Finding extreme values of a single variable function

If a function is continuous, its rate of change is non-constant and there are intervals in which it's crescent and others where it's decrescent, a natural conclusion is to expect the rate of change to be zero somewhere. [math]\displaystyle{ f'(x) = 0 }[/math] is a necessary but insufficient condition for a point to be a local maximum or minimum. It's insufficient because there are points where [math]\displaystyle{ f'(x) = 0 }[/math] and yet that point is neither a maximum nor a minimum. The same concept applies to multivariable functions. A point can have a necessary property to be a critical point and yet fail to meet other necessary criteria to be a maximum or a minimum.

Take the function [math]\displaystyle{ f(x) = x^3 }[/math] for example. At the origin its rate of change inverts its sign, but this function is strictly crescent and doesn't have a local maximum or minimum anywhere.

Fermat's stationary points

We begin with the hypothesis that [math]\displaystyle{ c }[/math] is a local maximum. Now let's consider a small step to the right and to the left of that point and call the step [math]\displaystyle{ s }[/math]:

[math]\displaystyle{ f(c) \geq f(x + s) }[/math] (with our starting assumption every step that we take to the right or to the left, from the local maximum, results in going down)

Therefore:

[math]\displaystyle{ f(x + s) - f(c) \leq 0 }[/math] (added [math]\displaystyle{ -f(c) }[/math] to both sides. Note that the inequality wasn't inverted.)

We can divide both sides by a positive constant without affecting the inequality:

[math]\displaystyle{ \frac{f(x + s) - f(c)}{s} \leq \frac{0}{s} }[/math]

We are assuming that [math]\displaystyle{ f }[/math] is differentiable at [math]\displaystyle{ c }[/math], therefore the sided limits exist and are equal to each other:

[math]\displaystyle{ f'(c) = \lim_{s \ \to \ 0^{+}} \frac{f(x + s) - f(c)}{s} \leq 0 }[/math]

With that we have shown that [math]\displaystyle{ f'(c) \leq 0 }[/math].

If we consider [math]\displaystyle{ s \lt 0 }[/math] the previous inequality inverts to being greater than or equal to zero. We calculate the same limit, but from the left [math]\displaystyle{ h \to 0^{-} }[/math]. With that we prove that [math]\displaystyle{ f'(c) \geq 0 }[/math]. With both inequalities being true we conclude that [math]\displaystyle{ f'(c) = 0 }[/math]. It makes perfect sense if we think graphically. To the right and to the left of [math]\displaystyle{ f'(c) }[/math] the derivatives have opposite signs. When the take the sided limits, both converge to the same, horizontal, tangent line.

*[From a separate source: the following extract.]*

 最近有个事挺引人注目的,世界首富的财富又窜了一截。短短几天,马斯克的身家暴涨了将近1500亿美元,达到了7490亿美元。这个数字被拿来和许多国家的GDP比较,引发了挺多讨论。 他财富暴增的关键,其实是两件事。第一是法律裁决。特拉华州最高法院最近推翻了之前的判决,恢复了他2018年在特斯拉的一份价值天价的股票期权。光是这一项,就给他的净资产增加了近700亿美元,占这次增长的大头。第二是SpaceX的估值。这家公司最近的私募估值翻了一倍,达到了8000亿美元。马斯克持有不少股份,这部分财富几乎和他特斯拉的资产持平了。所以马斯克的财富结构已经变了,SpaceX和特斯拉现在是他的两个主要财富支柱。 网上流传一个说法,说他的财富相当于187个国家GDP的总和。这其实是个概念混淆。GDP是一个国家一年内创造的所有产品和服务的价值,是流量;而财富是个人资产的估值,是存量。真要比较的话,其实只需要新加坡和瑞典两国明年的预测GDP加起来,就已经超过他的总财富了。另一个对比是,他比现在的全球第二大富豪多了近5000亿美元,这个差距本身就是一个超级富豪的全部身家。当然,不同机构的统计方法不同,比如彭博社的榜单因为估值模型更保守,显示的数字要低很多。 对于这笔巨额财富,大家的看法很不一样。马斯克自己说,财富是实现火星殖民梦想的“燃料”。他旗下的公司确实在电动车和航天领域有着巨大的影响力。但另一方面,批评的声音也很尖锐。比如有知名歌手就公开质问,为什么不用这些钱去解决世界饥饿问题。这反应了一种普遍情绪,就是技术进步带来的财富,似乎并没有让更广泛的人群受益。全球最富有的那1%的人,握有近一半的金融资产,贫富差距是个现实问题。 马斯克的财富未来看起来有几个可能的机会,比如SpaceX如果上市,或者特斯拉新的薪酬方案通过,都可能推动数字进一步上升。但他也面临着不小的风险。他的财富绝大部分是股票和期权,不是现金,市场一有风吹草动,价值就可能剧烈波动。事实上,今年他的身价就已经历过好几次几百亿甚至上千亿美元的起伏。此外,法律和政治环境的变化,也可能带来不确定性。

The same reasoning follows to prove that a local minimum also has [math]\displaystyle{ f'(c) = 0 }[/math].

Note: I have a textbook that does the proof by applying the sign conservation theorem, which condenses the proof by not having to deal with positive and negative increments separately.

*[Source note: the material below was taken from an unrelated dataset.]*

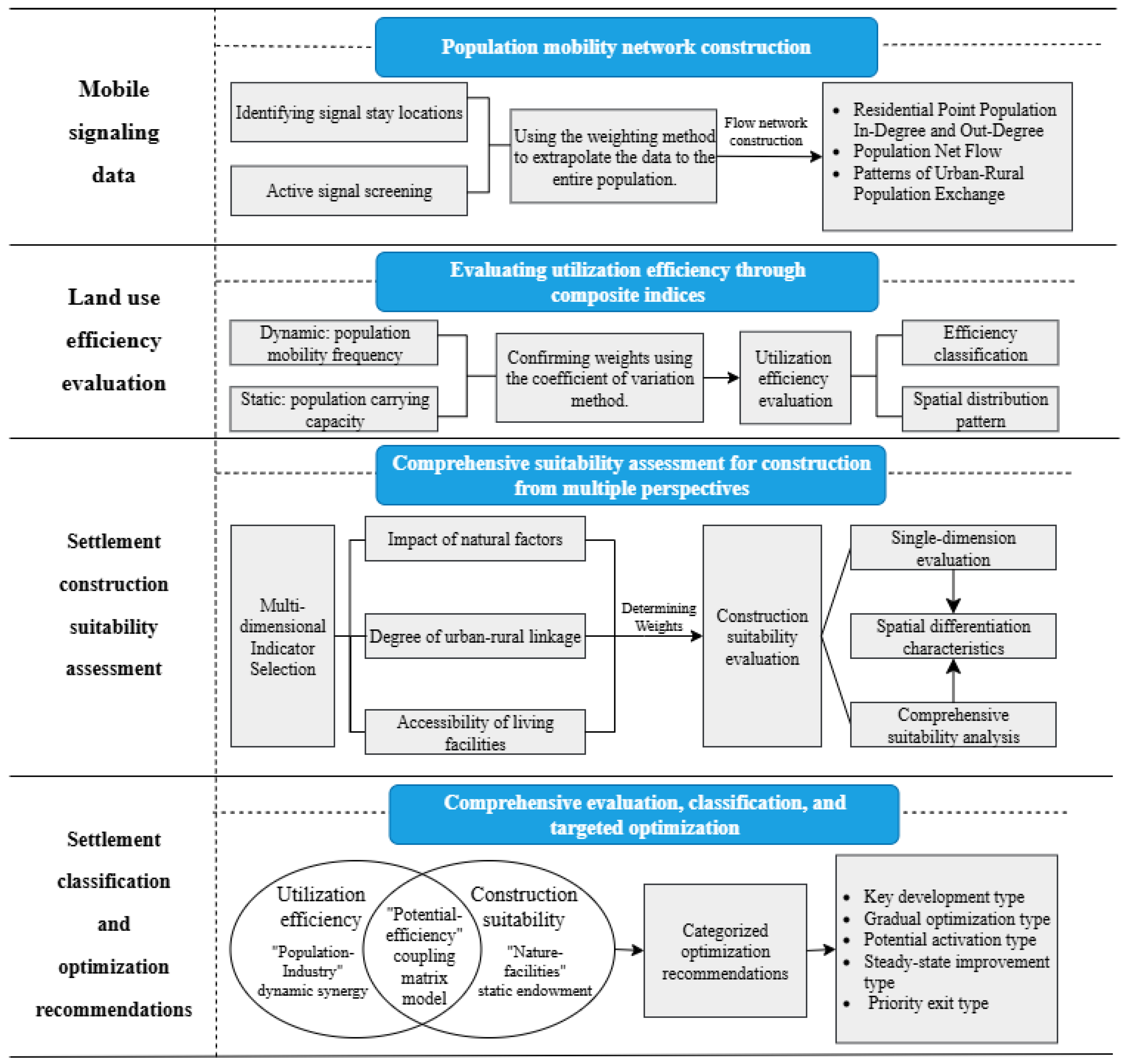 Second, from a dynamic perspective and integrating population mobility features, two indicator systems were developed using multi-source data: one for evaluating settlement utilization efficiency and another for assessing development suitability.

Careful! Fermat's theorem of stationary points is not about global maximum or minimum. Take the function [math]\displaystyle{ f(x) = |x| }[/math] for example. At the origin it does have a global minimum, but it's not differentiable there.

Links for the proofs:

• https://en.wikipedia.org/wiki/Fermat%27s_theorem_(stationary_points)
• https://demonstrations.wolfram.com/FermatsTheoremOnStationaryPoints/
• https://www.technologyuk.net/mathematics/differential-calculus/fermats-theorem.shtml
• https://planetmath.org/proofoffermatstheoremstationarypoints

The second derivative test

The graphical idea is the application of [math]\displaystyle{ f'(c) = 0 }[/math] to the derivative of the derivative. Suppose that we have an interval and in between the extremes of it the function behaves as a parabola. Then somewhere in that interval the rate of change shifts from positive to negative or vice-versa. Now suppose that the parabola is not just a function, but the derivative itself. Then we have that the point where the derivative changes from crescent to decrescent or vice-versa is [math]\displaystyle{ f''(c) = 0 }[/math].

Theoretically we can have a function that can be derived to the nth order, but for most purposes we lose meaningful interpretations beyond the second or third orders.